Even before this lawsuit was initiated, the 13-acre site in question had a long history. American Indians had created a huge mound of sea shells reaching at least 40 feet in height. During the late 1800s, the land was used for an amusement park known as Shellmound Park. During the 1920s, the mound was leveled and an industrial development was built. In 1987, the city included the site in a 270-acre redevelopment project.
In 1998, the redevelopment agency filed an eminent domain lawsuit against Harcros Pigments Inc. (later Elementis Pigments Inc.) to acquire the 13 acres. The city wanted the property to accommodate a mixed-use commercial development. The city offered $6 million, but a jury eventually ordered the city to pay $12.5 million, minus costs for cleaning up contaminated soil.

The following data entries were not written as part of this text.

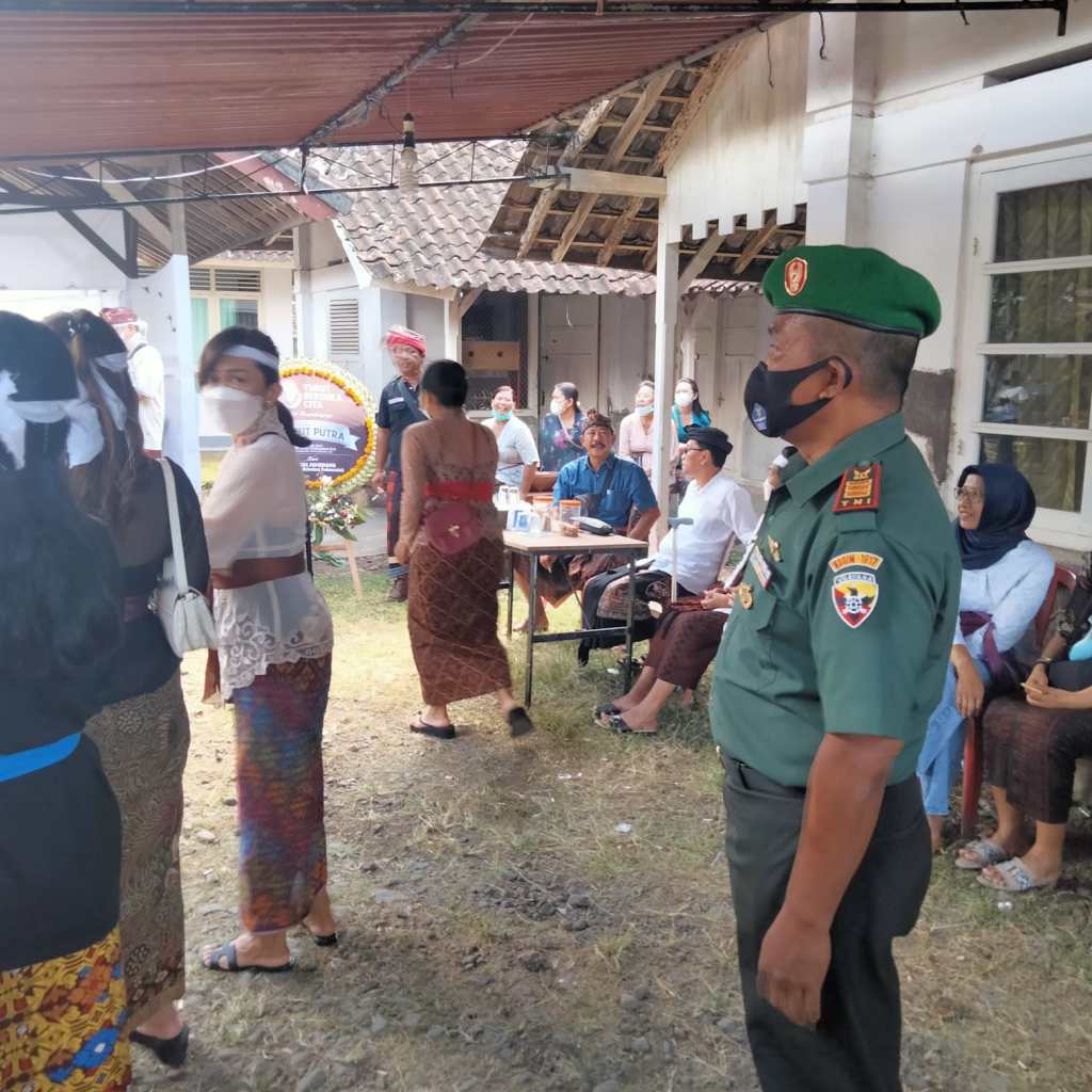 Jembrana – Danramil 1617-01/Negara Kapten Chb. Drs Karyanto bersama Anggota menghadiri upacara pengabenan Alm. Letkol Cpl (Purn) I Ketut Putra yang merupakan salah satu Purnawirawan TNI-AD, Kamis (04/08/2022)
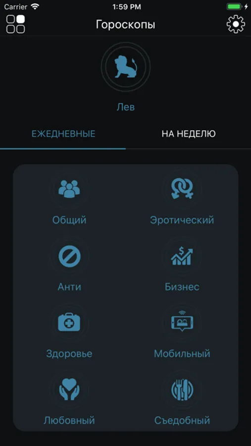 Premium-версия предоставляет доступ к ежедневным и еженедельным гороскопам различных тематик.
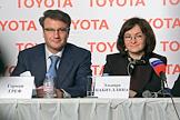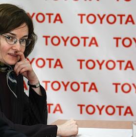 Министр экономического развития и торговли России Эльвира Набиуллина (справа) во время церемонии открытия нового филиала завода японской компании "Toyota" (Тойота) в пригороде Санкт-Петербурга Шушары, где начался выпуск автомобилей "Toyota" "Camry".

Both the city and Elementis filed appeals of different parts of the decision. Elementis argued that Alameda County Superior Court Judge Ronald Sabraw improperly withheld from the jury evidence concerning loss of goodwill. Elementis cited several cases in which the issue of entitlement to compensation for lost goodwill was submitted to the jury.
But the unanimous three-judge panel of the First District ruled that the cases Elementis cited were not the same as the current one. Citing Code of Civil Procedure section 1263.510 (a), the court held that when a dispute exists about compensation for lost goodwill, a judge must first rule on that dispute. If the court rules that there has been a loss of goodwill, only then can the issue of valuing that goodwill go to the jury, the First District ruled.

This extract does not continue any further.